Guataia-1986-Ascânio MMM
Fiz um pequeno verso que não ficou bom, depois de pronto sobraram sem uso muitas palavras.
Não sei o que fazer com elas, só sei que não foram ditas. Não sei o que fazer também sem elas, fora são aflitas.
Seriam essas palavras as mais importantes, e não foram ditas. Ficaram no ocaso da coragem.
Tantas palavras ficam nos sustos da vida, nos gritos engolidos, nos desejos comovidos, quantas dessas palavras estarão no rescaldo dos amores removidos, quanto delas grudarão nas paredes caídas da despedida, nos escombros de fim da paixão.
Quantos nós guardados, quando o pensamento esta elidente à voz e a fala é só segredo sem pele.

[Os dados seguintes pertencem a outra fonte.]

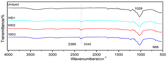 The growth of hyphae is accompanied by the secretion of cell wall degrading enzymes, such as cellulase (Cx), hemicellulase, and ligninase, which consume the cell wall components and destroy the wood structure. This experiment explored the changes in the composition and structure of dyed poplar wood and selected the horizontal infection method with a better infection effect to test the dyed poplar wood (Figure 6). The infrared spectrum showed that there are 2342 and 2360 cm−1 characteristic peaks in the dyed wood, which should be the main structural substance of the pigment secreted by fungi, and it was speculated that this substance was the stretching vibration of the C−C triple bond [42]. In addition, there were characteristic peaks of 1029 cm−1 (aromatic C−C structure or the stretching vibrations of C−O−C) and 668 cm−1 in-plane C-H bending deformation and out-of-plane C−H deformation [43], and the intensity of these peaks increased. In general, the infrared analysis of chemical components of dyed wood did not show the characteristic peak which disappeared or weakened obviously, so it was speculated that it had little effect on the composition and structural strength of wood.

As palavras não ditas fazem a inércia da língua mas ficam edificadas no rosto, no olhar, num gesto, na postura corporal, não desistem porque estão mudas, elas ficam , e ficam, e ficam , não vão embora, no olfato elas resistem aos muros da timidez evidente.
São intimas como o amor nos corpos, mas não foram ditas, recusam a despir-se na boca, mas dançam completamente nuas na solidão.
Fizeram-se mistério quando mais eu as queria abertas e transparentes, escolheram o sigilo por significado, palavras ocultas em suas próprias dúvidas, a se entender porque.
Quem sabe o que elas diriam se faladas? Extraídas do silêncio, arrancadas. Se gesticulassem livres, se viessem, se voassem, se vaiassem, se vivessem às claras, as palavras são a alma da língua e a tessitura da sabedoria.
Que significado teriam no fato, que afeto não desvendado, quais seus segredos, que misteriosa face de vergonha guardam no véu do acanhamento.
Porque tímidas se afastam do meu verso quando delas eu mais urgente preciso agora.
Elas sim são as de maior importância, pois guardadas calam a poesia.
Mudando sua fisionomia, escondem outro poema em interdito e sombra, que some privado de expressividade.
Qualquer verso sem elas é elisão, é impropriedade, é vazio, não é nada.
Serão elas as que dizem quietas todos os gritos, todos os afagos, toda a compreensão, sendo assim são muito mais que simples palavras, são atos não verbalizados.
Fazer um poema sem elas não faz sentido, fazer um poema sem elas o torna desprovido de razão, é vicissitude.
Sempre haverá nele um pensamento escondido, intimidado na atitude, na ausência dos restos de expressão do que não foi dito, pedaço quebrado de sentimento. Essa sentença, essa prisão, poema assim trancado eu não quero não.